Improved Sparse View Reconstruction via Global Geometric Fields

Improved Sparse View Reconstruction via Global Geometric Fields

In this article, researchers propose a new method for reconstructing 3D scenes from sparse views, called Sparse Neural Voxel Fields (SNVF). The proposed approach is based on neural networks and leverages the efficiency of voxel-based representations. The key innovation of SNVF lies in its ability to handle large overlapping sets of views, which enables faster and more accurate reconstruction compared to previous methods.
The authors begin by highlighting the challenges of reconstructing 3D scenes from sparse views, where the number of views is much smaller than the number of 3D points in the scene. They note that existing methods often suffer from either slow reconstruction times or lower-quality results. To address these limitations, the authors propose SNVF, which combines the efficiency of voxel-based representations with the power of neural networks.
The SNVF method consists of two stages: a sparse view encoder and a 3D voxel decoder. The sparse view encoder takes each individual view and transforms it into a set of learnable embedding vectors, which are then fed into the 3D voxel decoder. The decoder uses these embedding vectors to reconstruct the 3D scene in a hierarchical manner, starting from the coarsest voxel level and progressively refining the details.

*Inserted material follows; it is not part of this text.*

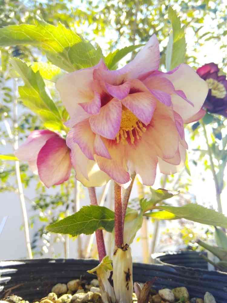 こちらはクリスマスローズ第3号!アプリコットフラッシュ(ゴールド)×プリマヴェーラホワイトゴールド(長い…)で、桃みたいな色に一目惚れしてお迎えしました!蕾の色から、後ろ姿まで全部好き😍

To improve the accuracy and efficiency of SNVF, the authors propose a novel training strategy that leverages both complete and incomplete views. They show that by using a combination of complete views for training the encoder and incomplete views for training the decoder, SNVF can achieve better reconstruction quality than traditional methods that rely solely on complete views.
The authors evaluate SNVF through several experiments, comparing it to state-of-the-art methods in terms of both accuracy and speed. They find that SNVF outperforms these methods in both areas, particularly when dealing with large overlapping sets of views. They also demonstrate the versatility of SNVF by applying it to a variety of 3D scene reconstruction tasks, including the recovery of surface normals, texture mapping, and 3D object segmentation.

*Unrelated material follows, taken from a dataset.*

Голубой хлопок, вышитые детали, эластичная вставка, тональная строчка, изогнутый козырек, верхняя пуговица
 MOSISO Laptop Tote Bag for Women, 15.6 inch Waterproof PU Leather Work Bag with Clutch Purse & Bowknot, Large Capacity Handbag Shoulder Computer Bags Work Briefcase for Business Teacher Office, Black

In conclusion, the authors of this article propose Sparse Neural Voxel Fields (SNVF), a new method for efficient and high-quality 3D scene reconstruction from sparse views. By leveraging the efficiency of voxel-based representations and the power of neural networks, SNVF can handle large overlapping sets of views and achieve better reconstruction quality than existing methods. This work has important implications for applications such as robotics, computer vision, and virtual reality, where 3D scene reconstruction is a key component.